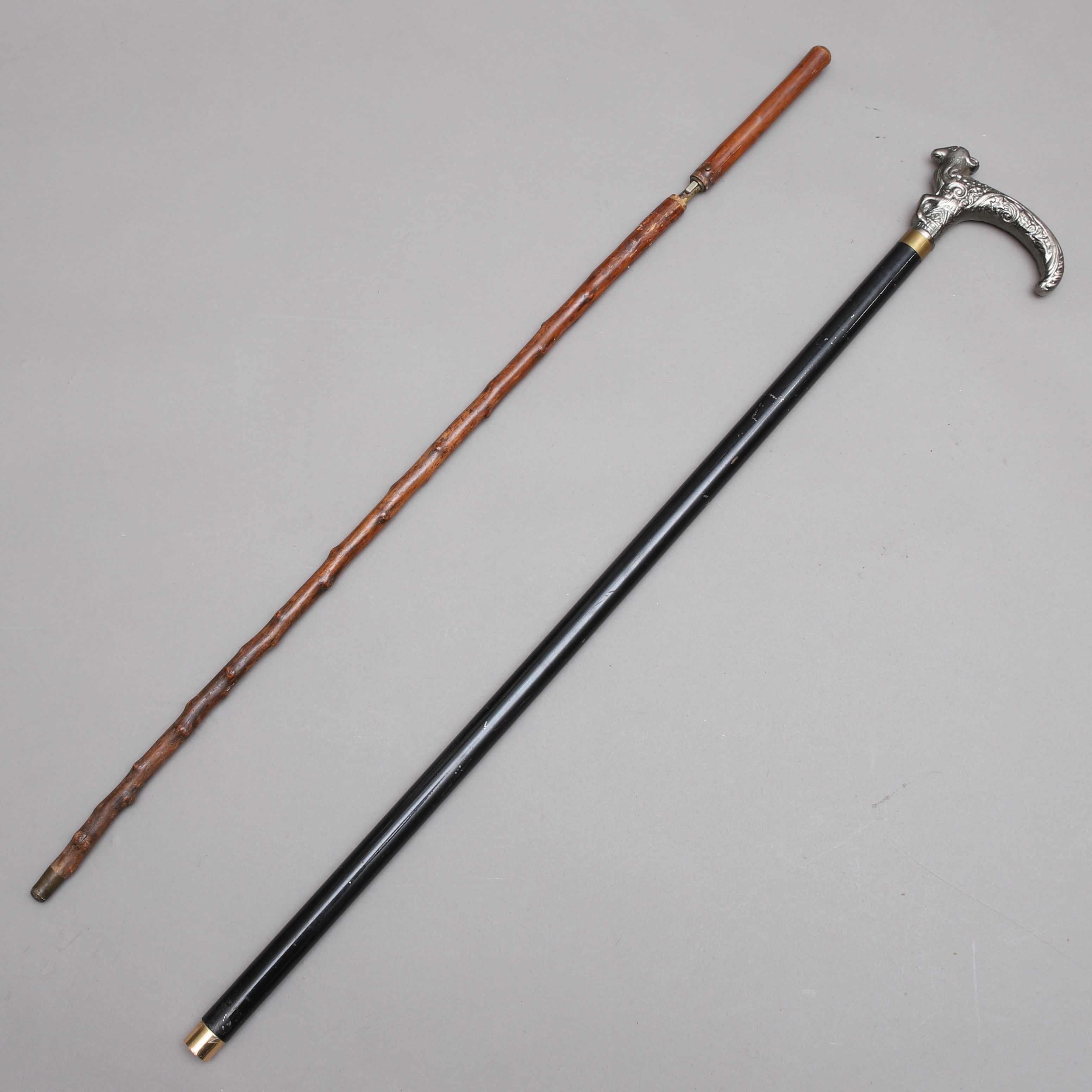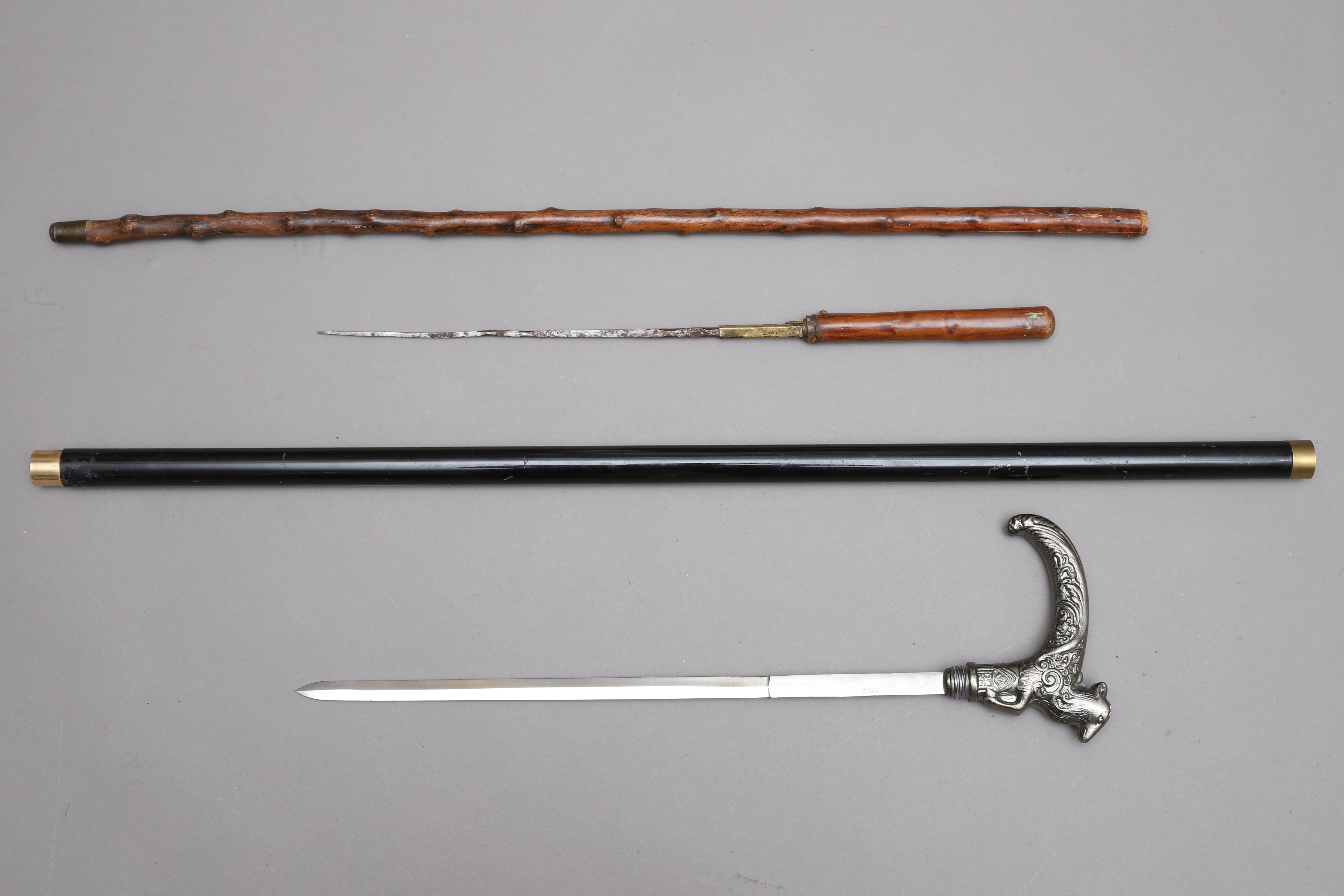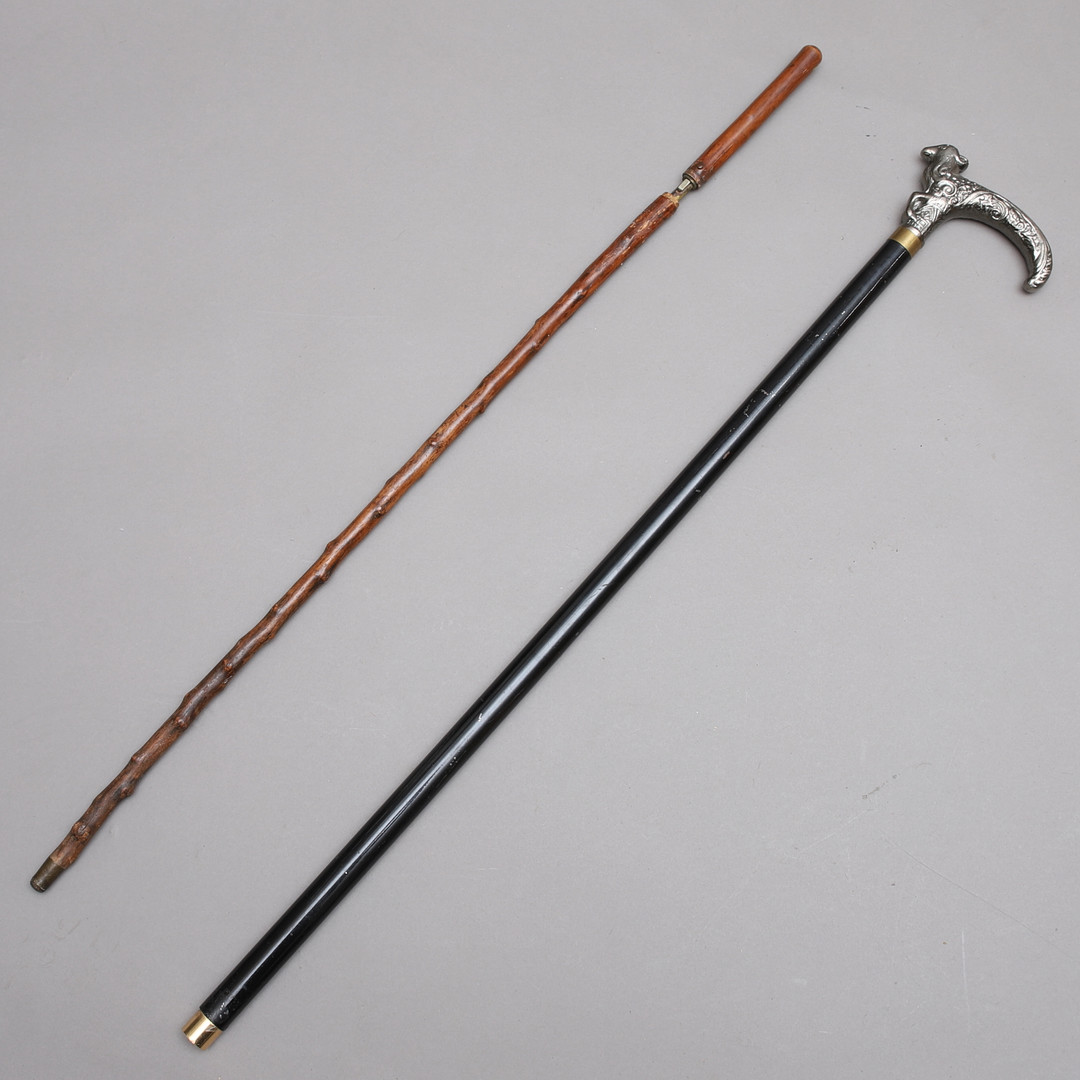 1862963. STÖCKE MIT DOLCH, 2 Stück, Holz & Metall.
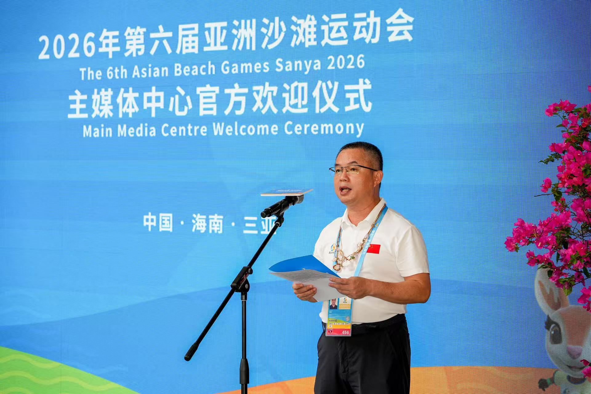 三亚市委宣传部副部长、新闻宣传指挥中心副指挥长、京海/君达酒店点长林辉向所有注册媒体记者致以热烈欢迎和诚挚问候,他表示主媒体中心作为三亚亚沙会媒体服务核心枢纽,已全面准备到位,将以优质便捷服务陪伴广大媒体朋友记录亚沙精彩、传播三亚魅力。
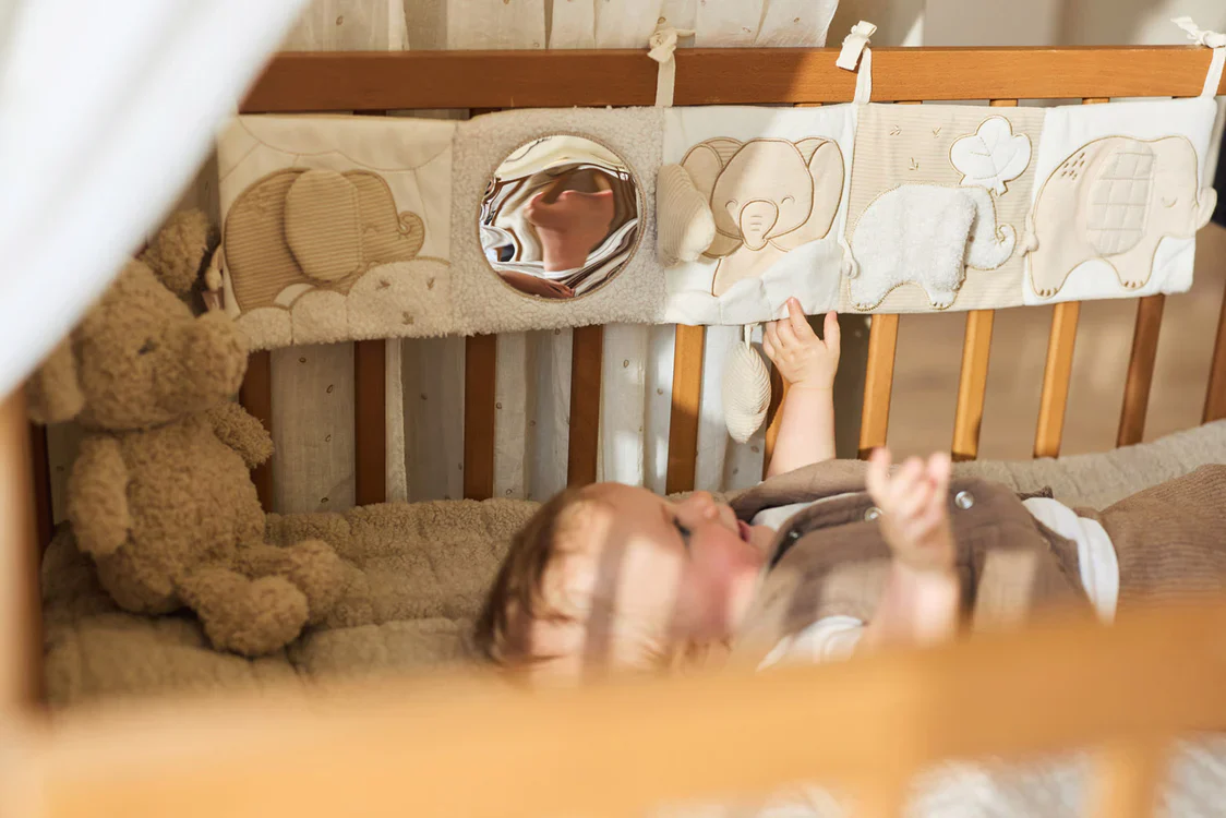 Deze Activiteiten Boxhanger is een schattig 5-delige slinger vol olifanten van Jollein. Het boekje bevat schattige olifantjes en een spiegeltje die je kleintje uren zullen vermaken. Het boekje maakt geluidjes en bevat knisperingen en touwtjes, waardoor de zintuigen van je baby gestimuleerd worden. Perfect voor in de box!

*-*-*

=== ASSIGNMENT ===
Repeat all of the listing above word for word, and exclude the pictures.

=== PROBLEM SOLUTION ===
 1862963. STÖCKE MIT DOLCH, 2 Stück, Holz & Metall.
 三亚市委宣传部副部长、新闻宣传指挥中心副指挥长、京海/君达酒店点长林辉向所有注册媒体记者致以热烈欢迎和诚挚问候,他表示主媒体中心作为三亚亚沙会媒体服务核心枢纽,已全面准备到位,将以优质便捷服务陪伴广大媒体朋友记录亚沙精彩、传播三亚魅力。
 Deze Activiteiten Boxhanger is een schattig 5-delige slinger vol olifanten van Jollein. Het boekje bevat schattige olifantjes en een spiegeltje die je kleintje uren zullen vermaken. Het boekje maakt geluidjes en bevat knisperingen en touwtjes, waardoor de zintuigen van je baby gestimuleerd worden. Perfect voor in de box!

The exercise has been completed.